**TASK DETAILS:** Return the listing below verbatim. Pictures do not belong in the copy.

┌─ INPUT RECORDS

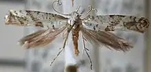 L'imago mesure 10 à 12 mm d’envergure et ses ailes antérieures sont blanchâtres mouchetées de taches brunes. Il est nocturne et attiré par la lumière.
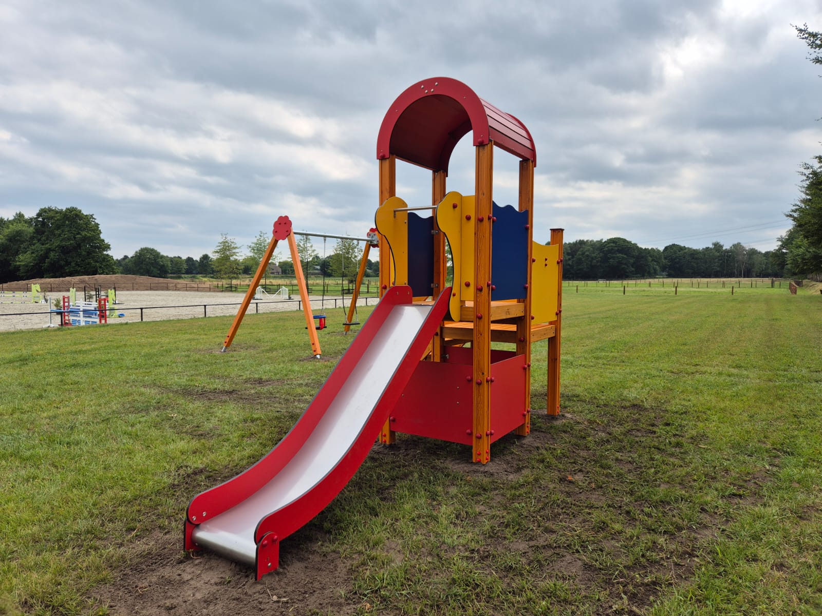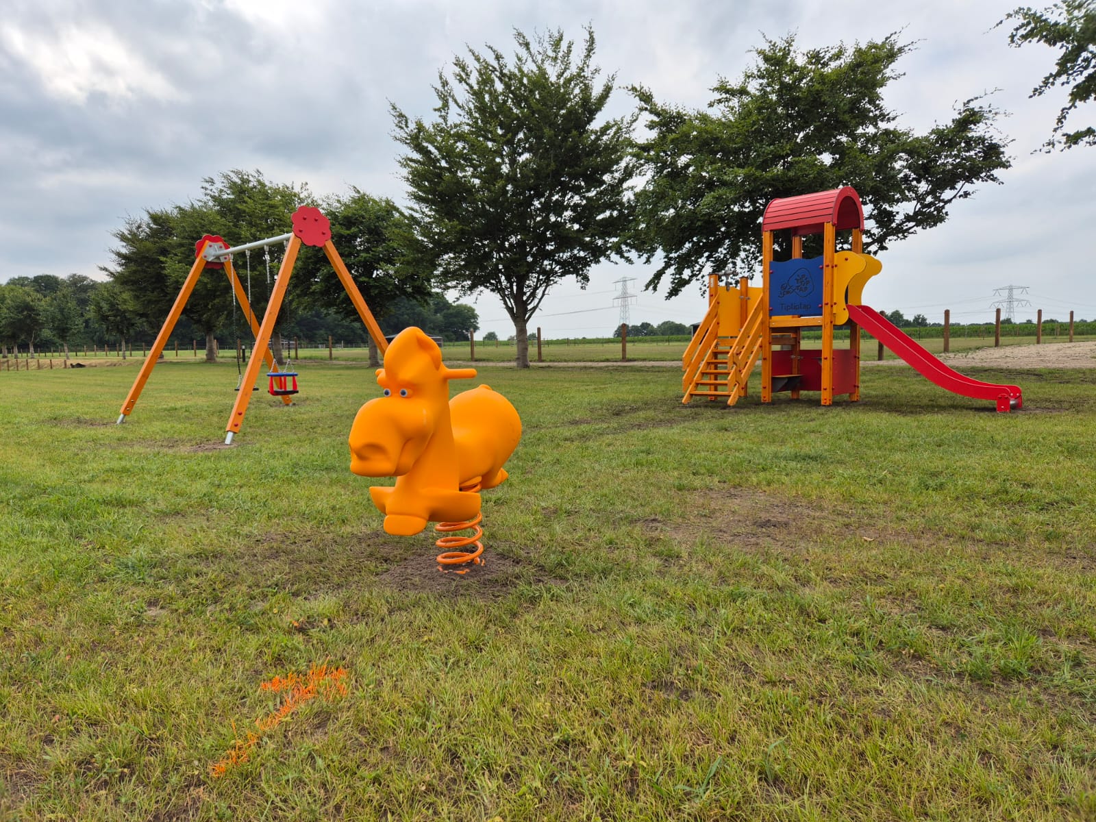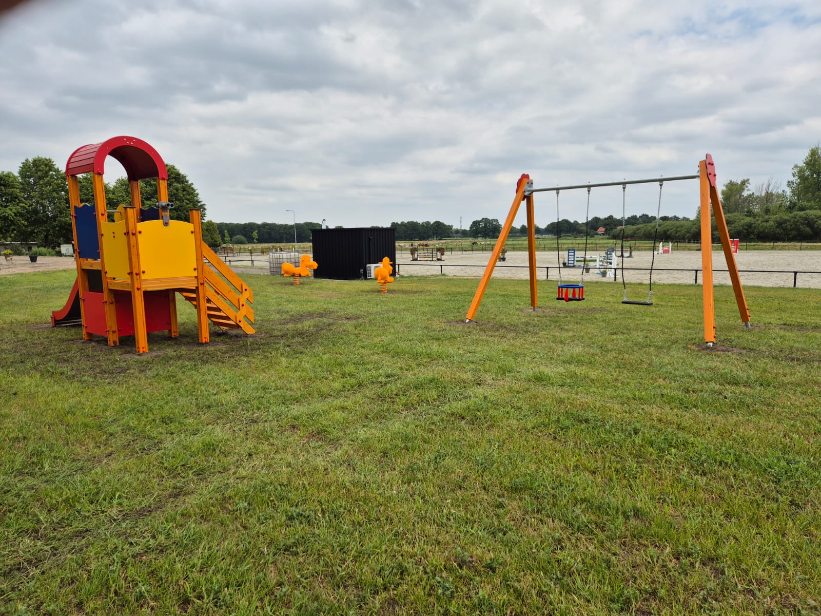 Hele enthousiaste eigenaren van een net overgenomen paardencomplex waren op zoek naar een paar speeltoestellen in zomerkleuren en de wipveren moesten bij voorkeur een paard zijn.
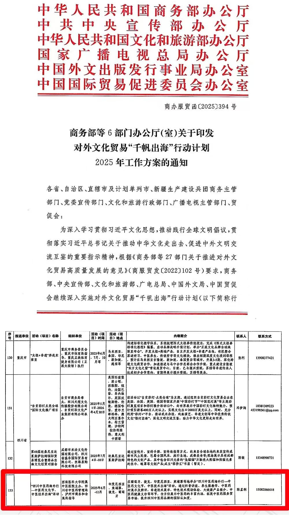 近日,商务部等六部委联合发布2025年“千帆出海”行动计划工作方案,由四川省中医药管理局与泸州市商务和会展局指导、我院主办的“四川中医药海外行—中医药文化节、中医技术出海”活动,成功入选年度重点活动清单。该项目是四川省唯一入选的中医药类活动,标志着四川中医药在服务国家战略、推动中华优秀传统文化“走出去”进程中迈出坚实步伐,充分彰显其在文化出海领域的重要地位与独特优势。
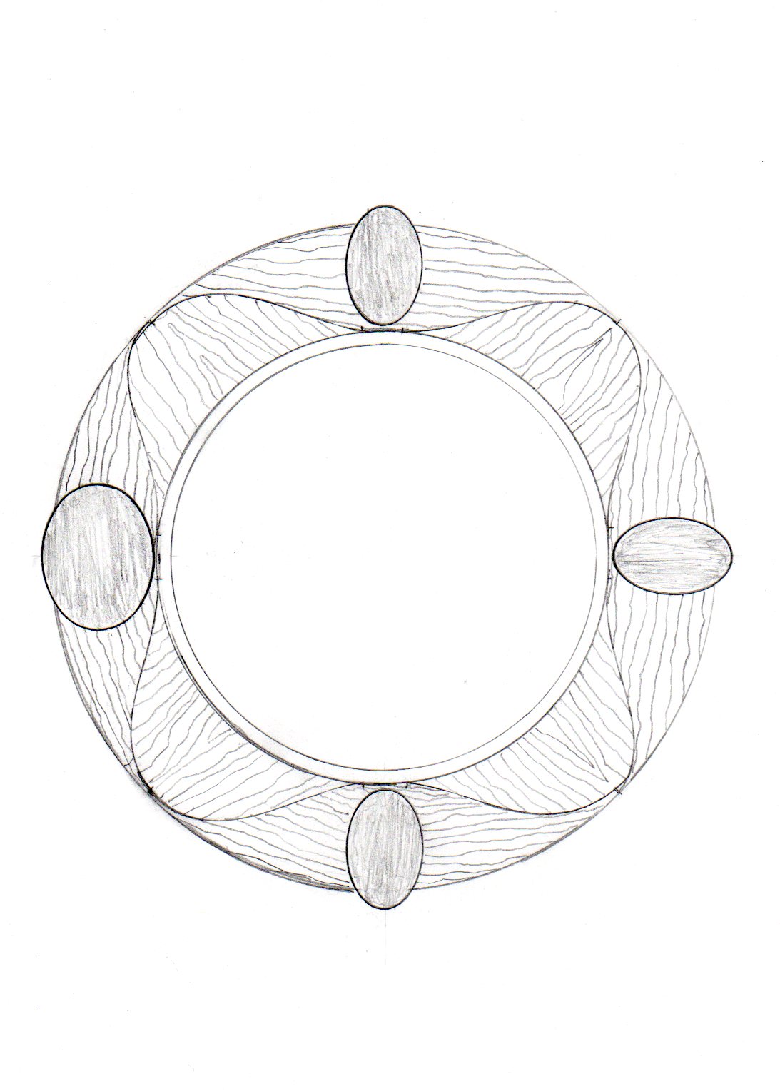 The primary materials are figured bubinga and wenge. The carvings are in mahogany and were done by Austin, Texas artist and carver, Chaz Chapot. His carvings set off the stand beautifully. The carvings are actually inlaid into the rim.
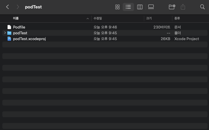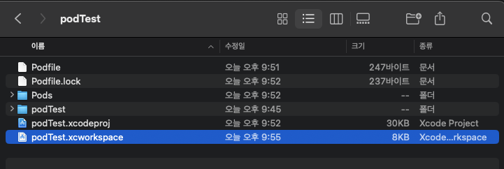 - 설치가 완료되면 폴더에 pod관련 파일들이 설치됐을 것이다.

└─

**TASK SOLUTION:**
 L'imago mesure 10 à 12 mm d’envergure et ses ailes antérieures sont blanchâtres mouchetées de taches brunes. Il est nocturne et attiré par la lumière.
 Hele enthousiaste eigenaren van een net overgenomen paardencomplex waren op zoek naar een paar speeltoestellen in zomerkleuren en de wipveren moesten bij voorkeur een paard zijn.
 近日,商务部等六部委联合发布2025年“千帆出海”行动计划工作方案,由四川省中医药管理局与泸州市商务和会展局指导、我院主办的“四川中医药海外行—中医药文化节、中医技术出海”活动,成功入选年度重点活动清单。该项目是四川省唯一入选的中医药类活动,标志着四川中医药在服务国家战略、推动中华优秀传统文化“走出去”进程中迈出坚实步伐,充分彰显其在文化出海领域的重要地位与独特优势。
 The primary materials are figured bubinga and wenge. The carvings are in mahogany and were done by Austin, Texas artist and carver, Chaz Chapot. His carvings set off the stand beautifully. The carvings are actually inlaid into the rim.
 - 설치가 완료되면 폴더에 pod관련 파일들이 설치됐을 것이다.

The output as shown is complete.